■ **DATA SECTION**
-- -- --
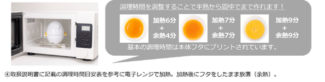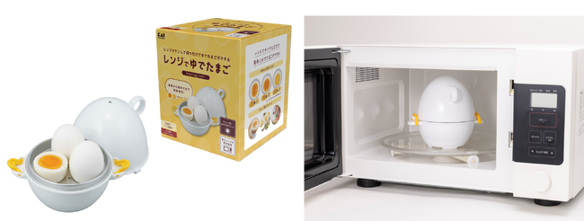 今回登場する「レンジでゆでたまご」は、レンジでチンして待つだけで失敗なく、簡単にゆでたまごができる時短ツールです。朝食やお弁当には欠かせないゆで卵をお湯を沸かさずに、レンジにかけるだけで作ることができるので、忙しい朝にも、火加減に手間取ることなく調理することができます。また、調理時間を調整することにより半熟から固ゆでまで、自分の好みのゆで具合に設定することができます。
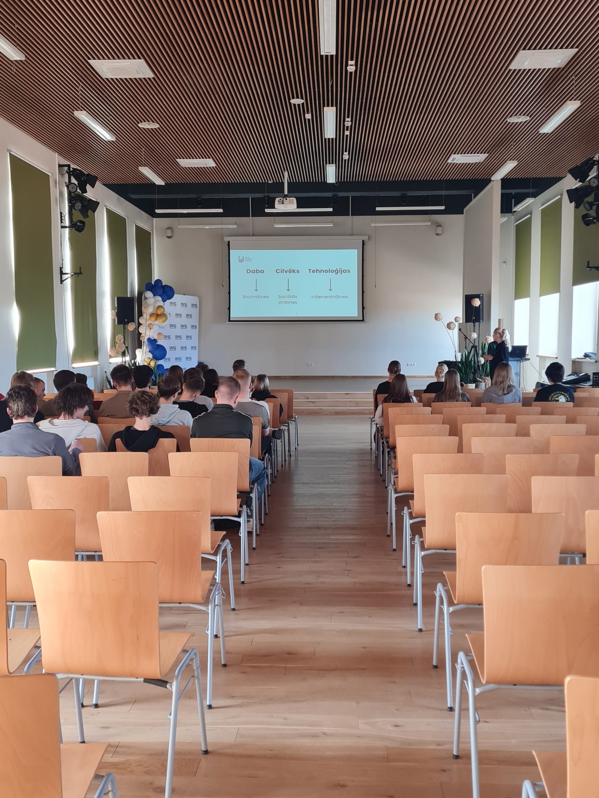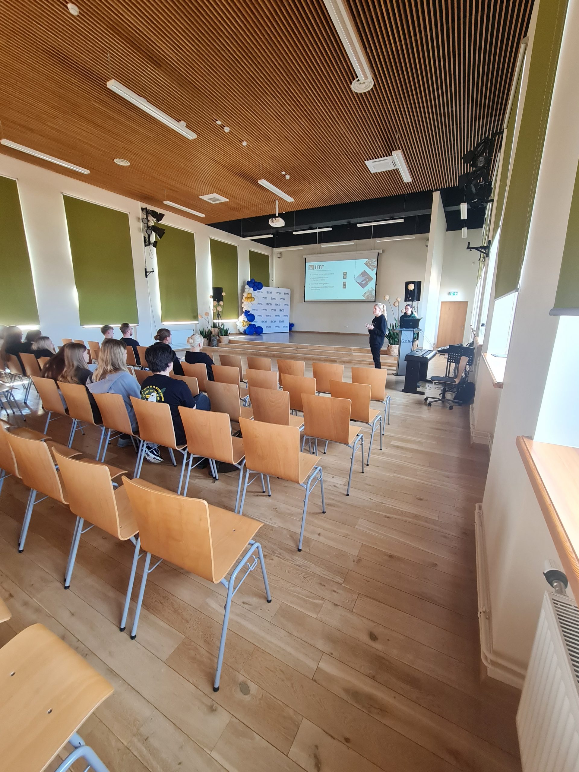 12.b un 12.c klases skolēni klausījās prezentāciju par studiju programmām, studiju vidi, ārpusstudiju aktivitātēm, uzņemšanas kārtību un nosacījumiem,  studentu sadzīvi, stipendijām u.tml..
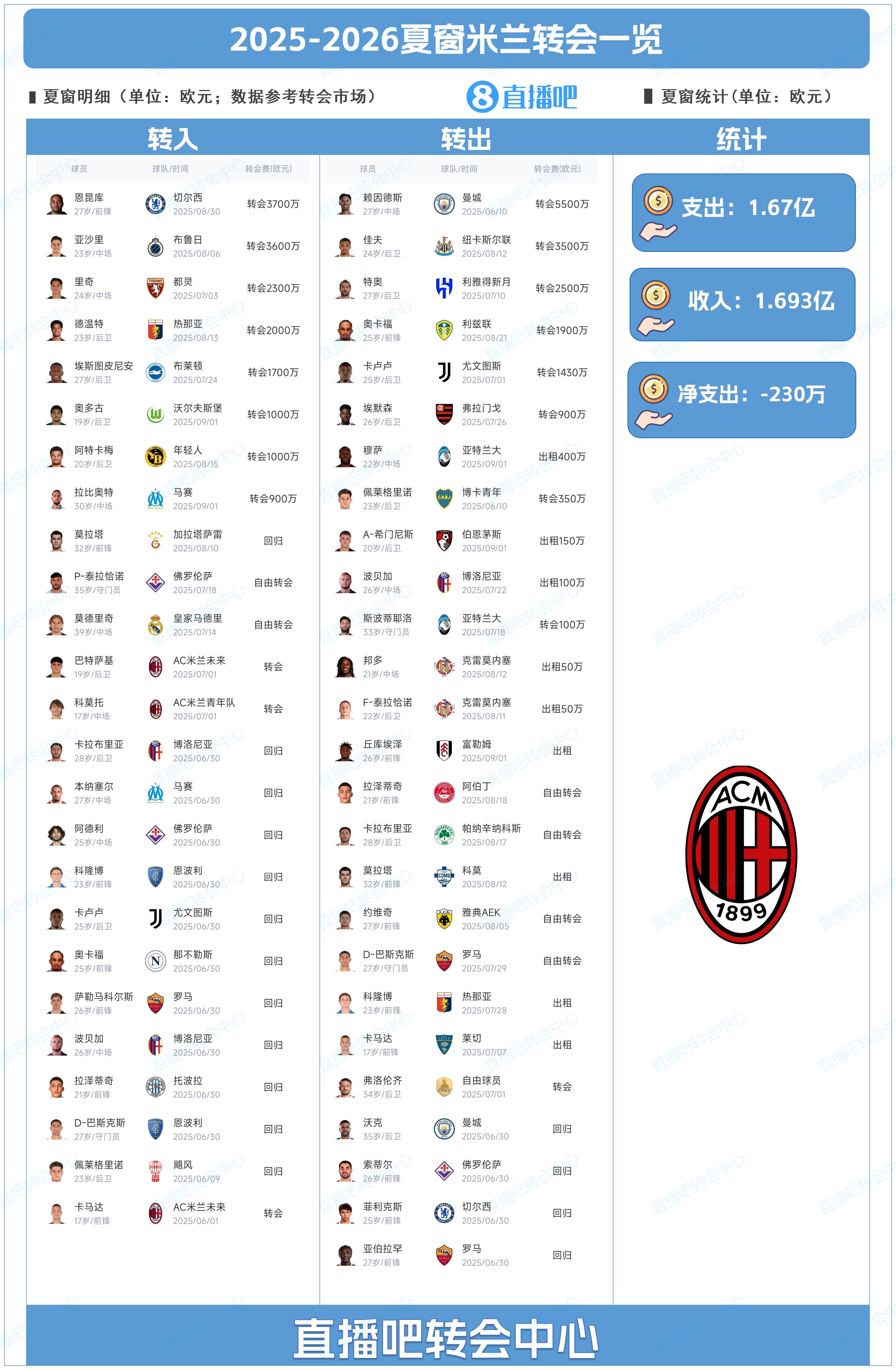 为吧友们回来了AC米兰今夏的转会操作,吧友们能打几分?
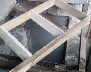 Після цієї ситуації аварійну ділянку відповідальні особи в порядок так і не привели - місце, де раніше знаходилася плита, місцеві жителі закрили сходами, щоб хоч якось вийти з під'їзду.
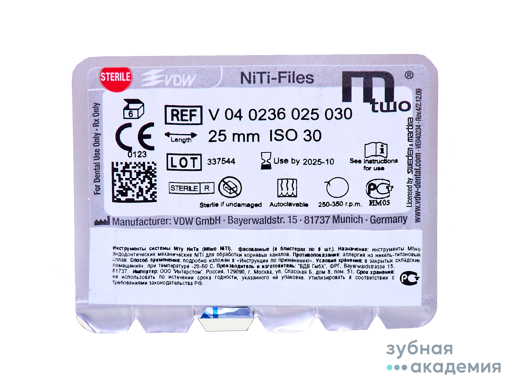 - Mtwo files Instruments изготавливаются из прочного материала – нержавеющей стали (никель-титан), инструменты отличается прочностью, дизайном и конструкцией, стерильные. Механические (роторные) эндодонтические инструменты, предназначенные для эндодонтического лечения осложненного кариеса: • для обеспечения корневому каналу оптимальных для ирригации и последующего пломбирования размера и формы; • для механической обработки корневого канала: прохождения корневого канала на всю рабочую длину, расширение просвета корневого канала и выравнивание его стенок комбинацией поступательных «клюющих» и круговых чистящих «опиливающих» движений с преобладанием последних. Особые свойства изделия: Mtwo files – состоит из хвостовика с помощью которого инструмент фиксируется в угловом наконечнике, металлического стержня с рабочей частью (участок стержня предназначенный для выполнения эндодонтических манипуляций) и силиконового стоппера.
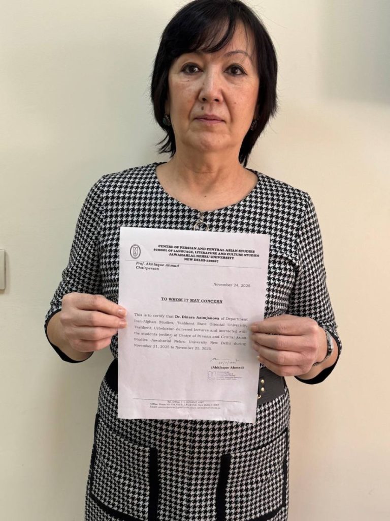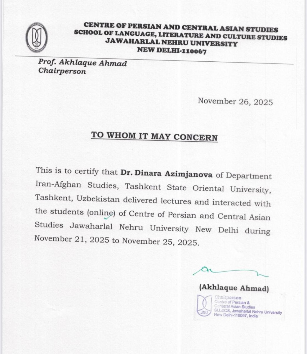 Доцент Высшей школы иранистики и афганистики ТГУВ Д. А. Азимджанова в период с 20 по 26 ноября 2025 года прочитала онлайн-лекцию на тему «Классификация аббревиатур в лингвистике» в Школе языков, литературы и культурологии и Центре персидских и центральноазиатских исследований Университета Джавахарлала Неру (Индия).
-- -- --
■ **ABOUT THIS TASK**
Omit the pictures and output all remaining material exactly.

■ **REPLY**
 今回登場する「レンジでゆでたまご」は、レンジでチンして待つだけで失敗なく、簡単にゆでたまごができる時短ツールです。朝食やお弁当には欠かせないゆで卵をお湯を沸かさずに、レンジにかけるだけで作ることができるので、忙しい朝にも、火加減に手間取ることなく調理することができます。また、調理時間を調整することにより半熟から固ゆでまで、自分の好みのゆで具合に設定することができます。
 12.b un 12.c klases skolēni klausījās prezentāciju par studiju programmām, studiju vidi, ārpusstudiju aktivitātēm, uzņemšanas kārtību un nosacījumiem,  studentu sadzīvi, stipendijām u.tml..
 为吧友们回来了AC米兰今夏的转会操作,吧友们能打几分?
 Після цієї ситуації аварійну ділянку відповідальні особи в порядок так і не привели - місце, де раніше знаходилася плита, місцеві жителі закрили сходами, щоб хоч якось вийти з під'їзду.
 - Mtwo files Instruments изготавливаются из прочного материала – нержавеющей стали (никель-титан), инструменты отличается прочностью, дизайном и конструкцией, стерильные. Механические (роторные) эндодонтические инструменты, предназначенные для эндодонтического лечения осложненного кариеса: • для обеспечения корневому каналу оптимальных для ирригации и последующего пломбирования размера и формы; • для механической обработки корневого канала: прохождения корневого канала на всю рабочую длину, расширение просвета корневого канала и выравнивание его стенок комбинацией поступательных «клюющих» и круговых чистящих «опиливающих» движений с преобладанием последних. Особые свойства изделия: Mtwo files – состоит из хвостовика с помощью которого инструмент фиксируется в угловом наконечнике, металлического стержня с рабочей частью (участок стержня предназначенный для выполнения эндодонтических манипуляций) и силиконового стоппера.
 Доцент Высшей школы иранистики и афганистики ТГУВ Д. А. Азимджанова в период с 20 по 26 ноября 2025 года прочитала онлайн-лекцию на тему «Классификация аббревиатур в лингвистике» в Школе языков, литературы и культурологии и Центре персидских и центральноазиатских исследований Университета Джавахарлала Неру (Индия).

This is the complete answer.